Search code examples
phpserverexplodeends-with

php endsWith function fails on one server but works on another?


I have a script which is essentially a crawler to index news articles. The script works fine on one server (main http server), but I am trying to move it to a dedicated platform and one section will not function.

The part that fails uses a simple function (from SO) to check if a string (a url found by the crawler) matches an exclusion list stored locally in a .txt file.

I have tested to make sure the .txt file is received using a var_dump and everything shows ok.

This fails consistently to unset or echo out positives, but on the other server everything works ok.

The important part is as follows:

<?php
ini_set('display_errors', 1);
$linkurl_reg = '/href="http:\/\/metro.co.uk(.+?)"/is';    


function endsWith($haystack, $needle)
{
return $needle === "" || substr($haystack, -strlen($needle)) === $needle;
}

$data = file_get_contents("http://metro.co.uk");
preg_match_all($linkurl_reg,$data,$new_links);

$exclusion_list = explode("\n",file_get_contents('../F/exclusion_list.txt'));

var_dump($exclusion_list); //just to check we got the file ok

for($i = '0';$i < count($new_links[1]) ; $i++){
        for ($ii = '0';$ii < count($exclusion_list);$ii++){
        if(endsWith($new_links[1][$i], $exclusion_list[$ii])){echo 'unset ';unset($new_links[1][$i]);}else{echo'not unset ';}
        }
    }


?> 

The strange thing is if I only use a single value when setting the exclusion list e.g

$exclusion_list[0] = "xmlrpc.php"; 

instead of

$exclusion_list = explode("\n",file_get_contents('../F/exclusion_list.txt'));

it will work for that particular string.

Please if anybody has anyideas, I have been staring at this for 3 days now and am completely stumped.

Things I have tried:

encoding the $exclusion_list array to UTF before exploding.

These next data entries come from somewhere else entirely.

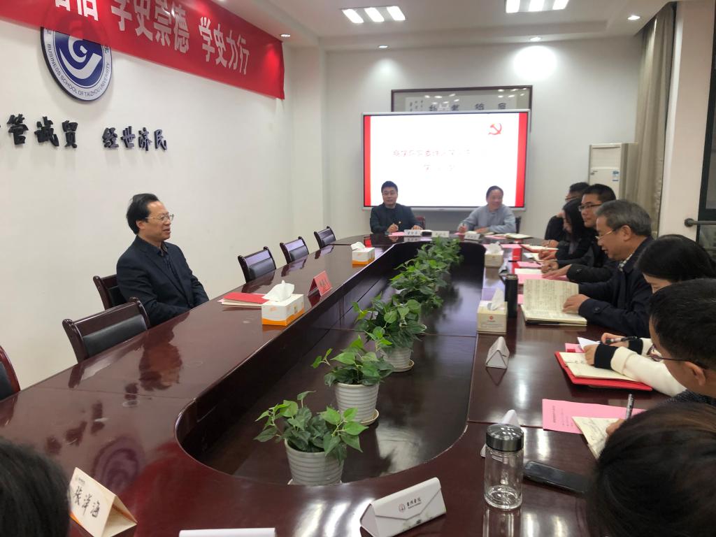 潘通天书记讲话强调,党的十九届六中全会是党在过去一百年取得光辉成就后、开创第二个百年之间的重要会议,在党的历史上占有重要地位。他要求商学院以学习贯彻党的十九届六中全会精神作为当前和今后一个时期的重大政治任务,党员领导干部要带头学习,积极做好宣讲工作,要走到师生中间去主动宣讲,让广大师生迅速了解学习领会十九届六中全会精神。学院要以党的建设为引领,以立德树人为根本,以申硕升格创一流为目标,实现党的建设与业务工作同频共振。
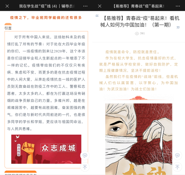 学院密切关注学生的思想和心理状态,加强疫情期间学生的网络思政教育和爱国主义教育。以易班网络思政平台为主阵地,面向师生等不同群体开设“我在学生战‘线堡垒春战‘疫’易起来”专栏,通过辅导员的日记、空中系列主题班会、抗“疫”文艺作品等形式,讲好疫情防控中的中国故事,利用这一场没有硝烟的“全员战争”,借助社会这个“大课堂”、人民群众这位“好老师”,上好一堂生动而难忘的爱国主义“思政大课”。
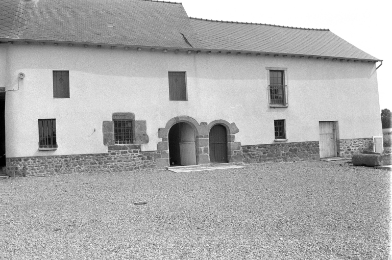 Cette ferme est composée de plusieurs bâtiments construits en terre enduite et couverts d'ardoise. La partie centrale possède des baies soignées à encadrements de granite : portes jumelées en plein cintre, fenêtre à linteau daté 1570... Les parties latérales sont réservées aux dépendances, un porche et un cellier à l'ouest notamment.
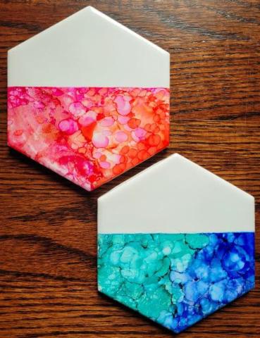 Join Designer Elizabeth to learn about colors and explore the world of vibrant alcohol inks. Demo and techniques will be shared. Let your creativity run as you create your unique art on a coaster. Beginners welcomed, no experience necessary.

encoding the $exclusion_list strings to UTF in the loop

tested the function with normal strings

writing the strings in manually rather than from the array or fileget (works annoyingly)

changing the fileextension from .txt to various other things

updating php version on the server (non working one)

replacing "\n" with "\r" and "\n\r" during explode

I have even tried changing the function to some of the others found on SO, strangely I get the same results (works with strings I define but not with anything retrieved from the exclusion_list file).

For the life of me I have no idea why one would work and not the other.

Current PHP version: 5.4.36-0+deb7u3 (non working server)

Current PHP version: 5.2.17 (working server)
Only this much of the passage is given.